Other assets are managed through shareholdings. This is the case for Azur Télécom, a subsidiary of Bahrain-based telecommunications group Bintel which is managed by another brother, Jean-Bruno Obambi. Sapro has also set up numerous partnerships in Congo-Brazzaville with international groups like Air France, Heineken, Bollore, JC Decaux, Airtel and MTN.

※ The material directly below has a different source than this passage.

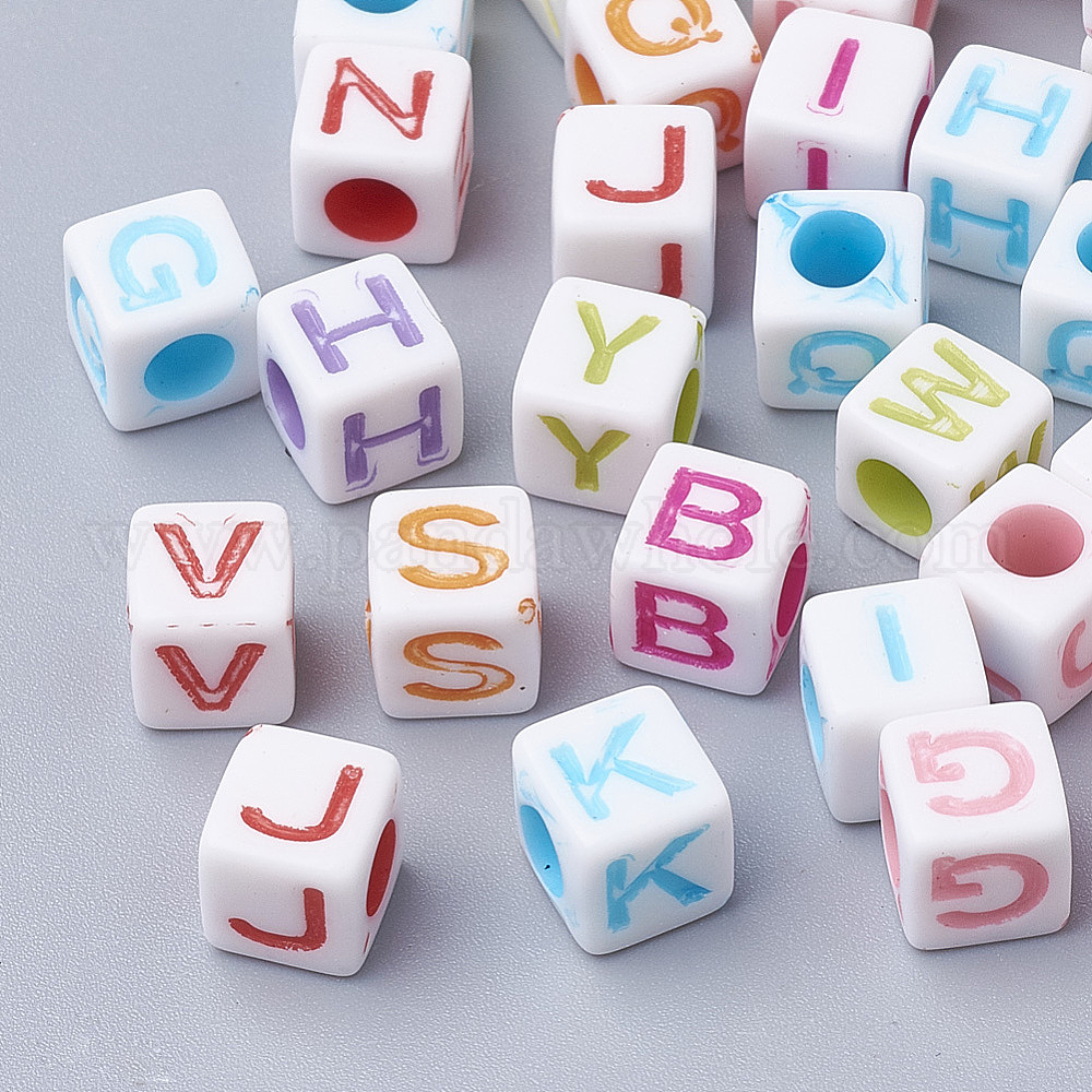 Ремесло стиль акриловые бусины, горизонтальное отверстие, куб с начальной буквой

Beyond the family circle, Obambi’s prominent position in the national economy was favoured after the civil war by Denis Sassou Nguesso’s encouragement of a new generation of entrepreneurs who came like him from the north of the country. Friendships with his fellow Mbochis from Ollombo also played a role. Within the ruling regime, the Ollombo Mbochi clan, which comes from the Plateaux department in central Congo-B, is engaged in direct competition with the Mbochis from Oyo, who include Denis Sassou Nguesso himself and Jean-Jacques Bouya, and the Mbochi from Boundi, Rodolphe Adada and Denis Gokana among them, for control of the country’s principal revenue flows.

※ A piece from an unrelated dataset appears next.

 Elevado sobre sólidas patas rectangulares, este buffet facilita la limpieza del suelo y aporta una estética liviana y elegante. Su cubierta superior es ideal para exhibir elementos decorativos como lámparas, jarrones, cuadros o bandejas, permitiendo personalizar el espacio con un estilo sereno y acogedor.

Obambi relies on his mentor, General Pierre Oba, to maintain good relations with the president’s inner circle and draws, too, on his relationship with Jean-Bruno Itoua, formerly the presidency’s representative in the oil sector. Itoua introduced him, notably, to Charlotte Ovunda Makanda, a personal friend of first lady Antoinette Sassou Nguesso.
The Sapro boss is also a freemason and belongs to the Grande loge du Congo (GCL), which is headed by the Congolese head of state in person. He has numerous business contacts outside this immediate circle, however. His friend, Stève Gentili, chairman of the French banking group, BRED-Banque Populaire, and the supervisory board of the BCPE group, helps him to forge contacts with the European business world. In return, Obambi helped Gentili set up a subsidiary of the banking group in Brazzaville.

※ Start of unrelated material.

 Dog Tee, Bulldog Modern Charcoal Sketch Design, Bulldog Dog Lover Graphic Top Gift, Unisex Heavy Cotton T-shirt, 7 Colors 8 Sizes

These international contacts are consolidated by La Maison de l’Afrique, which Obambi heads. Based in Paris with the task of promoting the economies of 10 francophone African countries, including Benin, Burkina Faso and Central African Republic, this body enables him to play the role of intermediary with foreign investors. At the end of 2015, wearing his hat of president of the Brazzaville chamber of commerce, which is a member of the Maison de l’Afrique, he played guide to an impressive Turkish business delegation in Congo-Brazzaville.
Born into a modest family in Brazzaville’s Poto-Poto district, Obambi obtained a degree in economics from the capital’s Université Marien-Ngouabi in 1979 and also has an principal inspector’s diploma from the further training centre for postal and telecommunications executives in Toulouse, France. In 2010, he was exceptionally made grand officer of the Congolese order of merit. Obambi is married to Claudine Nkouka, an Iari from Pool in southern Congo-B who lives in Paris’s smart 16th arrondissement. Obambi himself has a French residency permit but is also a frequent visitor to London, where one of his daughters lives.